--- DATA SUPPLIED ---

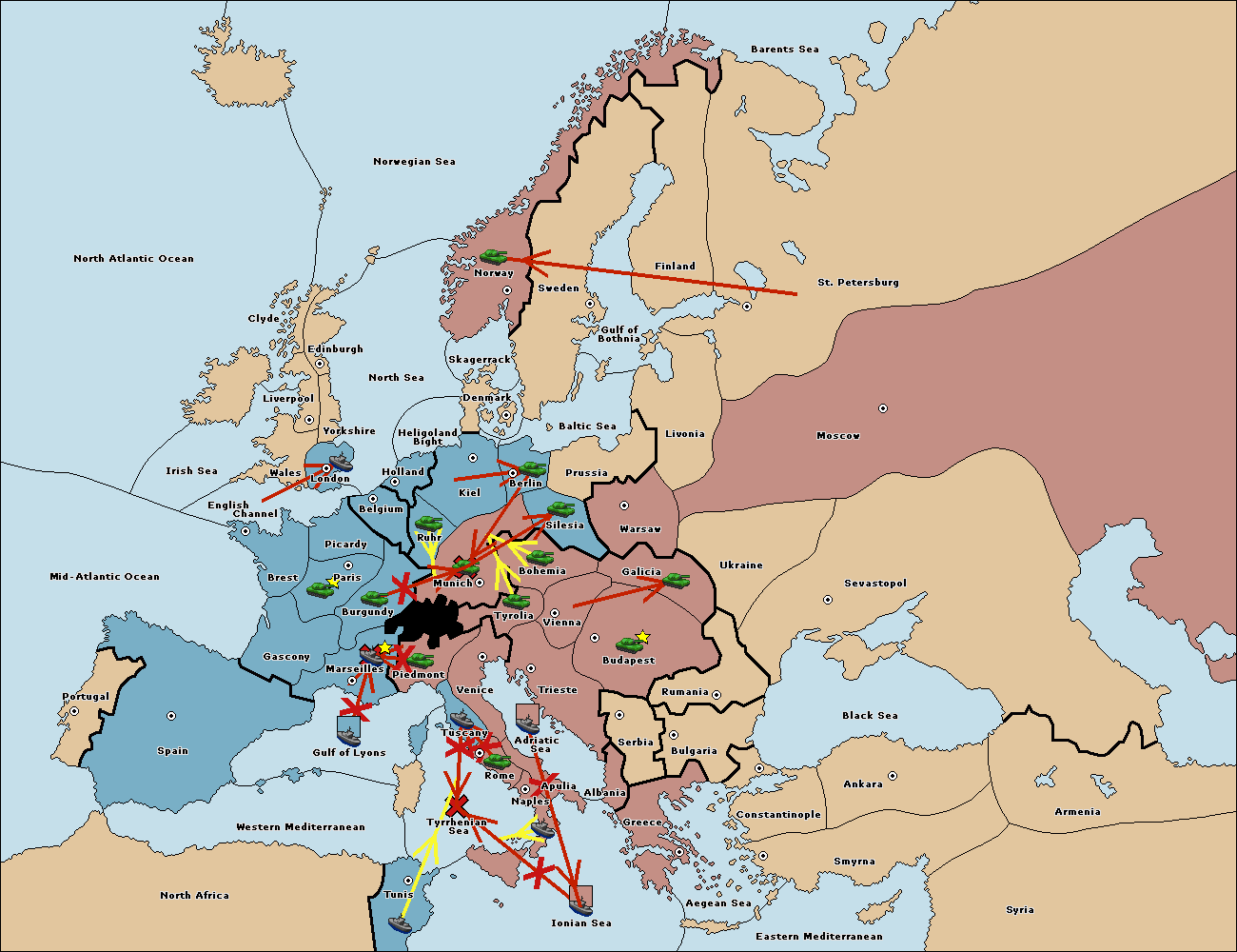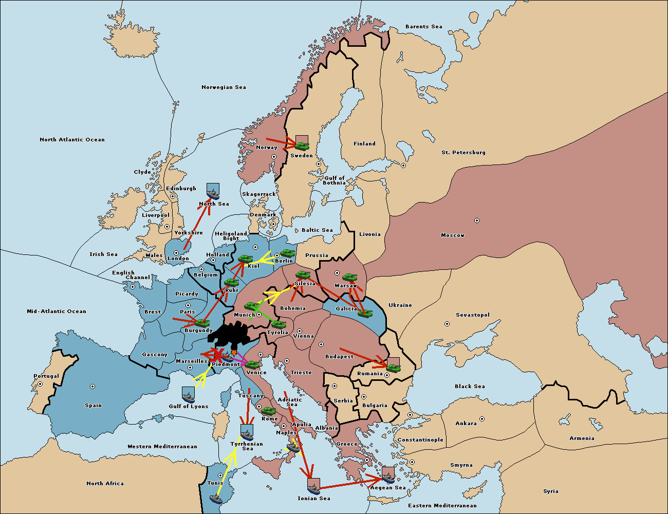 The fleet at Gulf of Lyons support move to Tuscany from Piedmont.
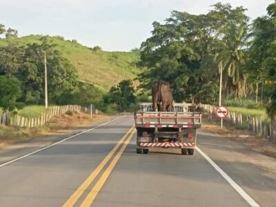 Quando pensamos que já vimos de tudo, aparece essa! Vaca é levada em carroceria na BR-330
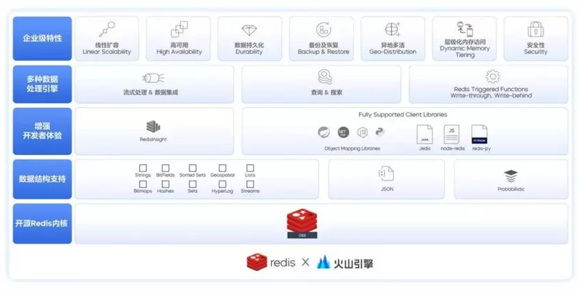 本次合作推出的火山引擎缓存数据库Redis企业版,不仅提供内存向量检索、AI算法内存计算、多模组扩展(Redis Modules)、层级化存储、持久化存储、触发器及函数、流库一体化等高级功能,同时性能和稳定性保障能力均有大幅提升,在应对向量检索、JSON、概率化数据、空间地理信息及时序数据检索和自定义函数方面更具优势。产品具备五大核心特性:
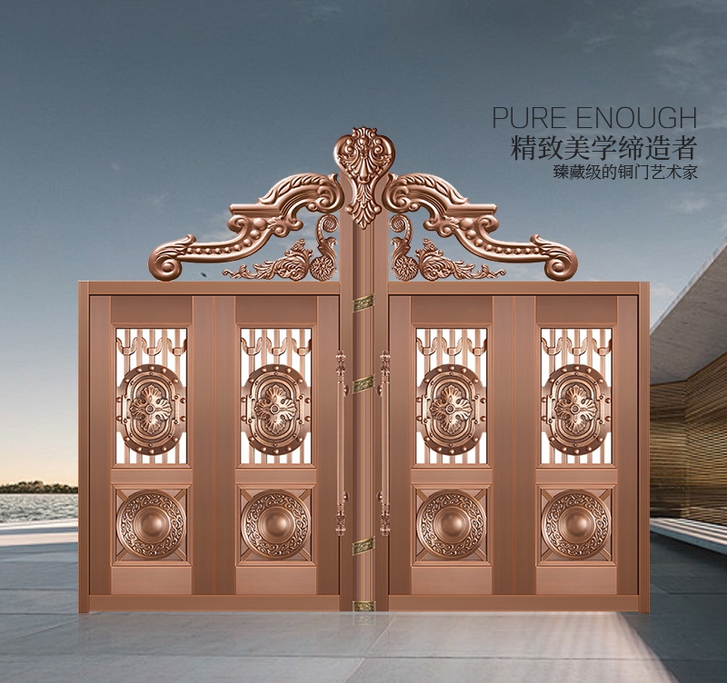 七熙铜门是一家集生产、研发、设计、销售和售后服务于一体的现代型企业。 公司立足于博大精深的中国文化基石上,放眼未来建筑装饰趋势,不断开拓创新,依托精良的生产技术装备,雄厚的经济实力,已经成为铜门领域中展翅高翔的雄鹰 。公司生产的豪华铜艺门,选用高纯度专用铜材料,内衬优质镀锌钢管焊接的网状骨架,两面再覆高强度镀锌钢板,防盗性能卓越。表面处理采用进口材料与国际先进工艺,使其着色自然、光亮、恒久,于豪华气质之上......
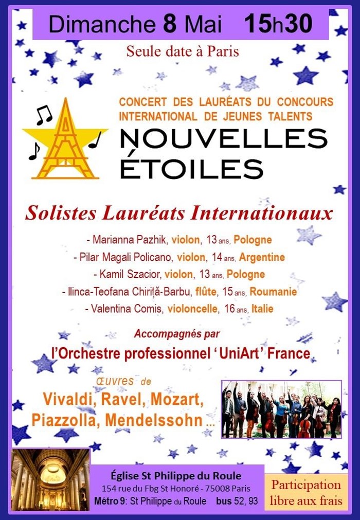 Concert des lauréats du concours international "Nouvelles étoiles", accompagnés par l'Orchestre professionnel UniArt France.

---

▶ [TASK INSTRUCTIONS] Set down each entry above exactly as it appears. Omit the pictures.

▶ [ANSWER BOX]
 The fleet at Gulf of Lyons support move to Tuscany from Piedmont.
 Quando pensamos que já vimos de tudo, aparece essa! Vaca é levada em carroceria na BR-330
 本次合作推出的火山引擎缓存数据库Redis企业版,不仅提供内存向量检索、AI算法内存计算、多模组扩展(Redis Modules)、层级化存储、持久化存储、触发器及函数、流库一体化等高级功能,同时性能和稳定性保障能力均有大幅提升,在应对向量检索、JSON、概率化数据、空间地理信息及时序数据检索和自定义函数方面更具优势。产品具备五大核心特性:
 七熙铜门是一家集生产、研发、设计、销售和售后服务于一体的现代型企业。 公司立足于博大精深的中国文化基石上,放眼未来建筑装饰趋势,不断开拓创新,依托精良的生产技术装备,雄厚的经济实力,已经成为铜门领域中展翅高翔的雄鹰 。公司生产的豪华铜艺门,选用高纯度专用铜材料,内衬优质镀锌钢管焊接的网状骨架,两面再覆高强度镀锌钢板,防盗性能卓越。表面处理采用进口材料与国际先进工艺,使其着色自然、光亮、恒久,于豪华气质之上......
 Concert des lauréats du concours international "Nouvelles étoiles", accompagnés par l'Orchestre professionnel UniArt France.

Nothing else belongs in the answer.